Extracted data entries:
-.-.-

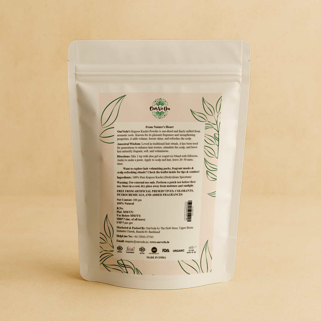 Kapur Kachri is an aromatic root known for its refreshing fragrance and hair-thickening properties. Used traditionally in Ayurvedic hair care, it adds natural volume and shine to hair while promoting scalp health. Ourveda’s Kapur Kachri is carefully dried and powdered to retain its rich essential oils, making it a nourishing addition to any hair mask or oil blend.
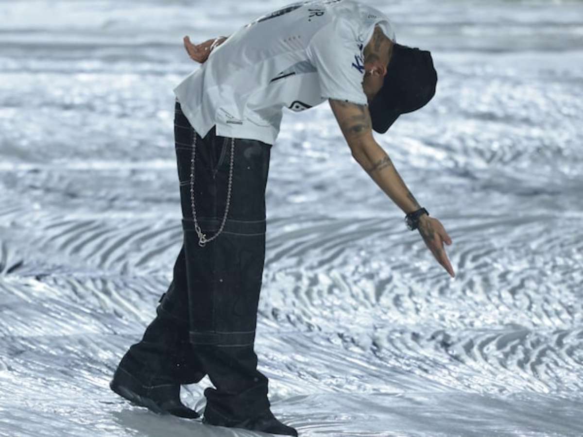 "É um dia muito especial pra mim", disse o jogador, logo interrompido pela torcida, com quem Neymar cantou junto o hino oficial do Santos. Ele usou na cabeça uma faixa com a frase '100% Jesus', igual à que havia usado em campo no início da carreira com o time alvinegro. "Falei ali dentro que quando eu era menino eu pisei na Vila Belmiro com essa faixa e eu não podia deixar de voltar sem."
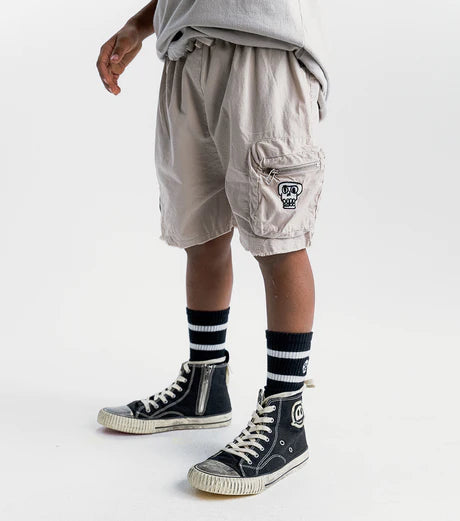 these way too swaggy smokey grey cargo shorts for boys & girls are feather light and ready for racing around & making mischief all summer long. they’re made of a super light poplin material that would practically float away without the drawstring waistband we added on there. peep the boxy cargo zip side pocket with a kooky skull embroidered patch created in collab with artist shay id alony. oh yeah and it’s got hidden pockets on the sides & a back pocket too because they can never have too many places to stash their snacks aka prank fuel.
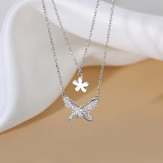 Sterling Silver Double-Layer Zircon Butterfly And Flower Necklaces
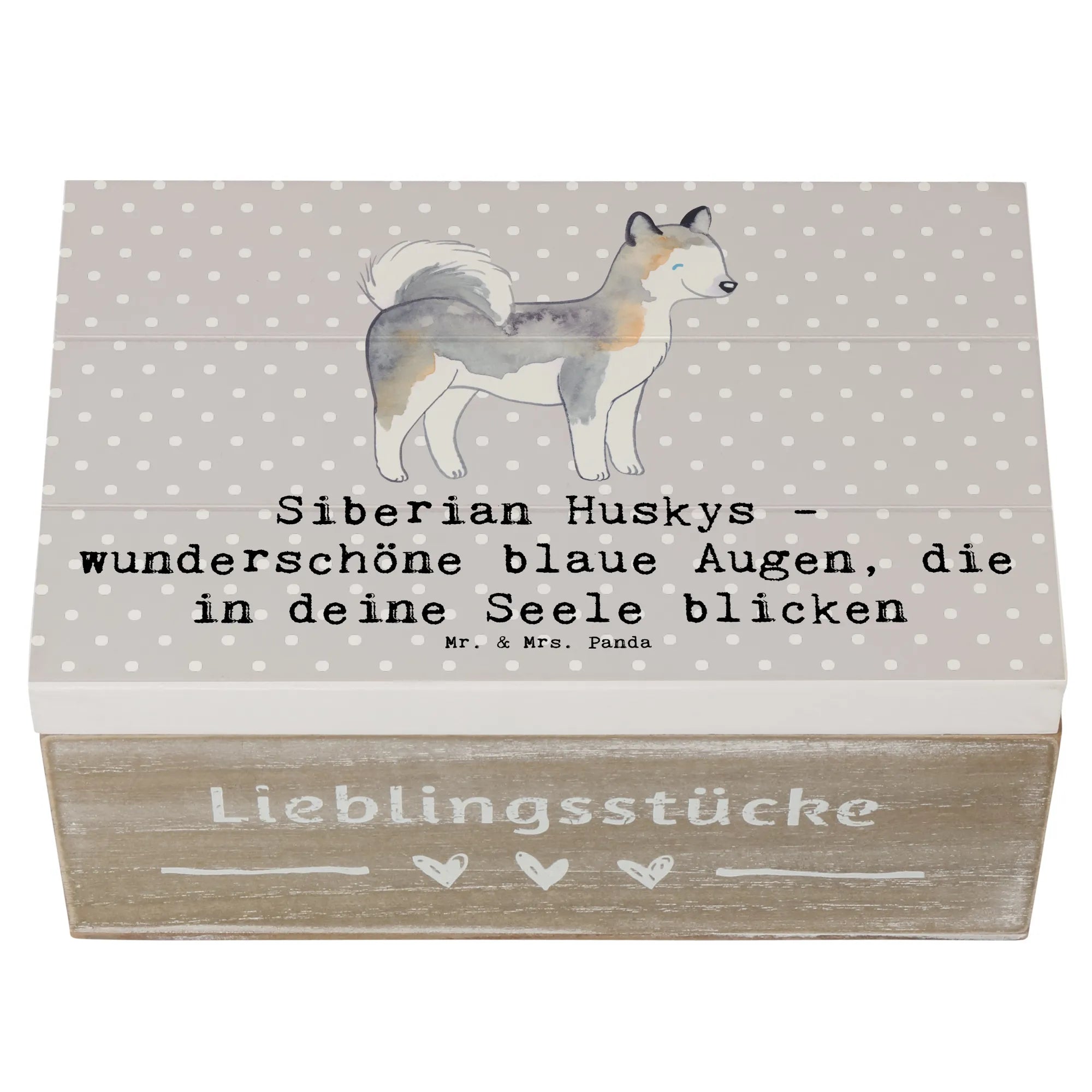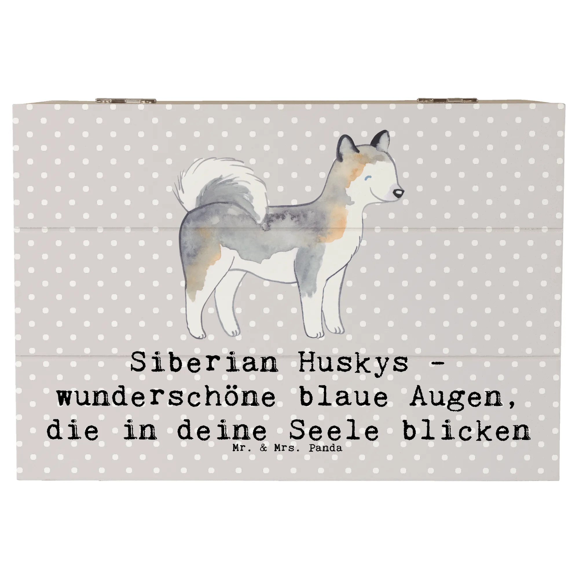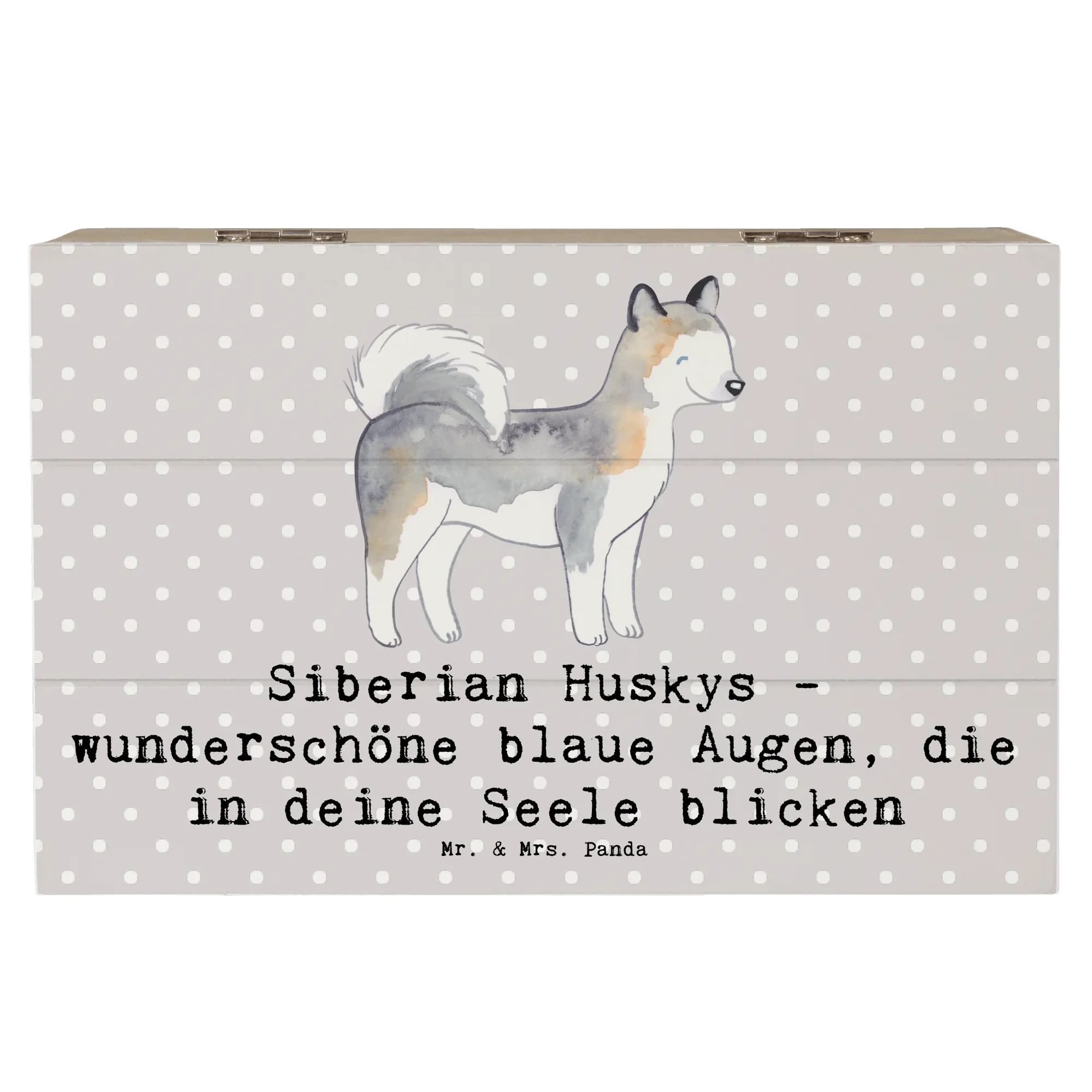 Holzkiste Siberian Husky Augenzauber - 22 x 15 cm - Grau Pastell
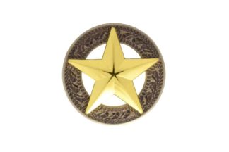 A beautifully designed concho with engraved silver and a gold star. Available in five different sizes.
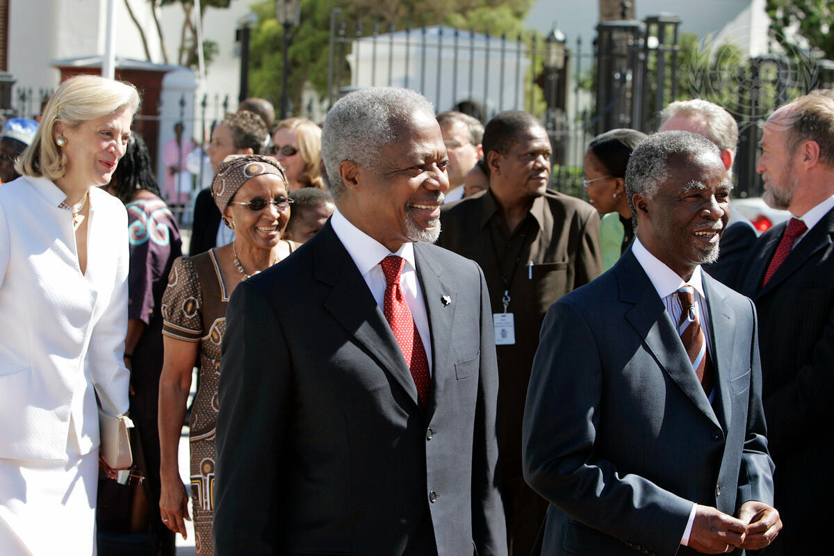 Secretary-General Kofi Annan (left, front) and Thabo Mbeki (right, front), President of the Republic of South Africa, at Tuynhuys, the Presidential Palace in Cape Town. Also present is Mrs. Nane Annan (left, back).
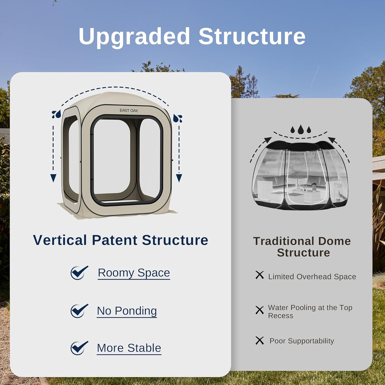 - ššš“š-š£šæš¼š¼š³ ļ¼ š©š²š»šš¶š¹š®šš²š± š¦š½š®š°š² : The EAST OAK portable pop-up screen tent features a 4-sided B3 fine mesh design for 360° perfect ventilation and can protect you from mosquitoes or other bugs. The tent body is made of high-quality Oxford fabric coated with silver to achieve all-day UPF 50+ UV resistance. Ideal for creating a comfortable and protected resting space during various outdoor activities (picnics, camping)
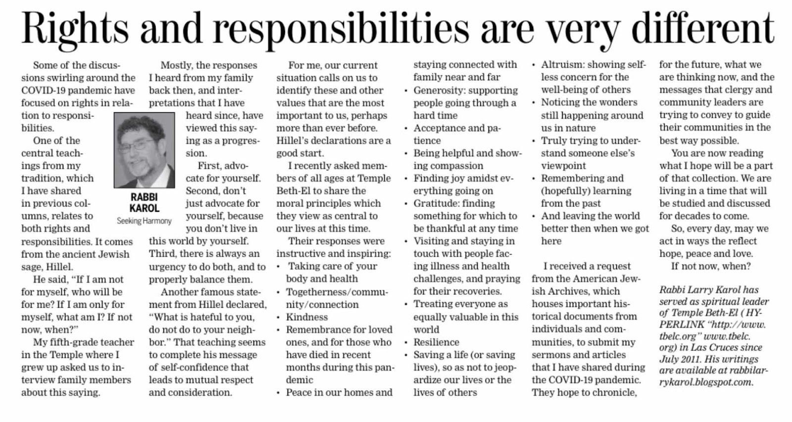 One of the central teachings from my tradition, which I have shared in previous columns, relates to both rights and responsibilities. It comes from the ancient Jewish sage, Hillel.

-.-.-

-- Exercise goal --
Print, exactly, each line above from the one with "Sterling Silver Double-Layer" to the one with "A beautifully designed", end lines included. Leave pictures out of it.

-- Answer to the problem --
 Sterling Silver Double-Layer Zircon Butterfly And Flower Necklaces
 Holzkiste Siberian Husky Augenzauber - 22 x 15 cm - Grau Pastell
 A beautifully designed concho with engraved silver and a gold star. Available in five different sizes.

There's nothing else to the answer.